2020-07-23 17:22:53.260 7 ERROR glance_store._drivers.rbd [-] Error connecting to ceph cluster.: rados.TimedOut: [errno 110] error connecting to the cluster
2020-07-23 17:22:53.260 7 ERROR glance_store._drivers.rbd Traceback (most recent call last):
2020-07-23 17:22:53.260 7 ERROR glance_store._drivers.rbd   File "/usr/lib/python3.6/site-packages/glance_store/_drivers/rbd.py", line 273, in get_connection
2020-07-23 17:22:53.260 7 ERROR glance_store._drivers.rbd     client.connect(timeout=self.connect_timeout)

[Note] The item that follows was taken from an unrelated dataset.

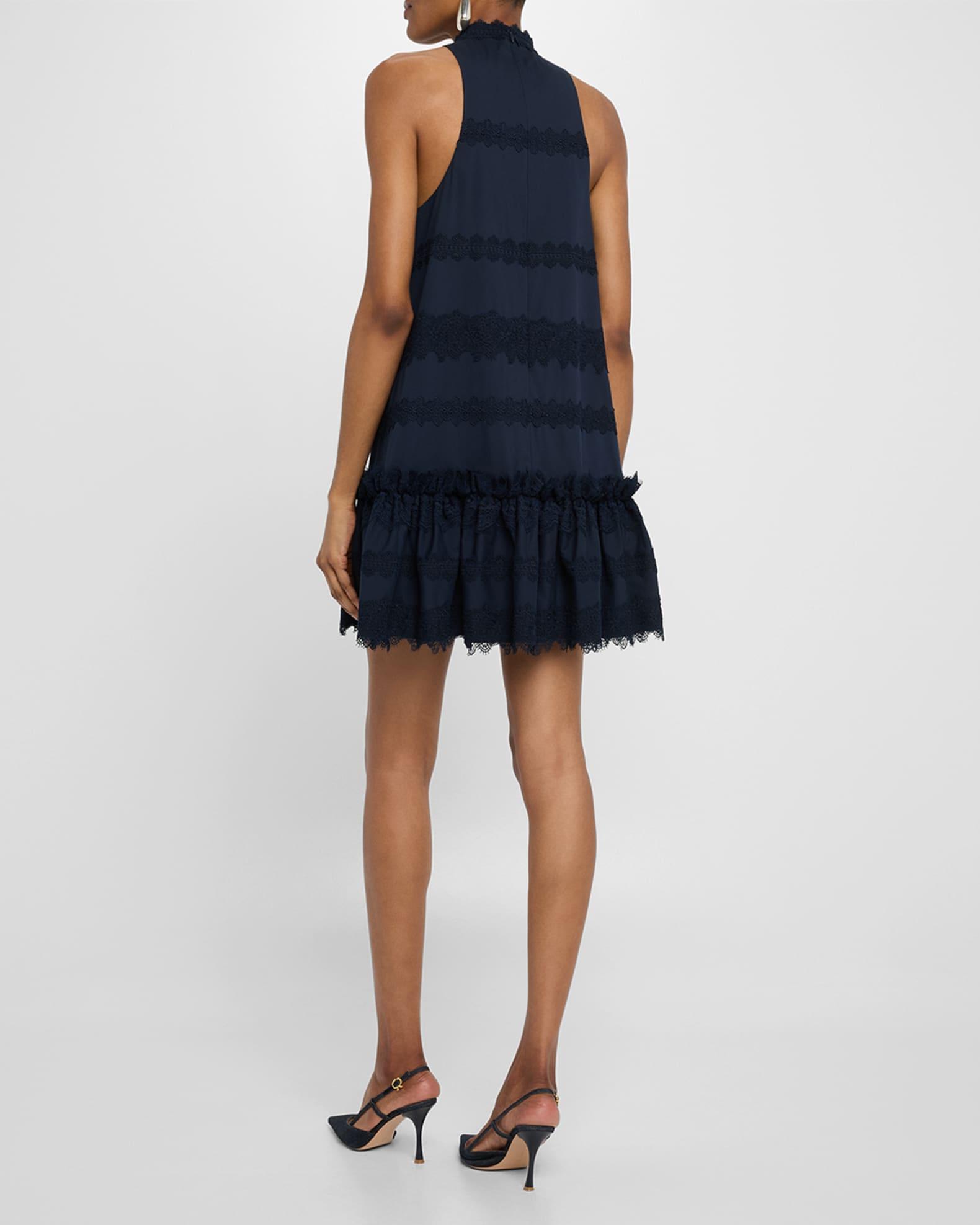 Cinq a Sept "Malena" mini dress finished with tonal lace detailing High neckline Sleeveless Shift silhouette Flounce hem Button-front Cotton/nylon/polyamide/spandex Lining: Rayon Dry clean Imported

2020-07-23 17:22:53.260 7 ERROR glance_store._drivers.rbd   File "rados.pyx", line 893, in rados.Rados.connect
2020-07-23 17:22:53.260 7 ERROR glance_store._drivers.rbd rados.TimedOut: [errno 110] error connecting to the cluster
2020-07-23 17:22:53.260 7 ERROR glance_store._drivers.rbd

Comment 5 Francesco Pantano 2020-07-27 07:40:16 UTC

The doc (which is under heavy testing and review) of bz#1855813
can avoid this bug: adding it as a dependency of this bug.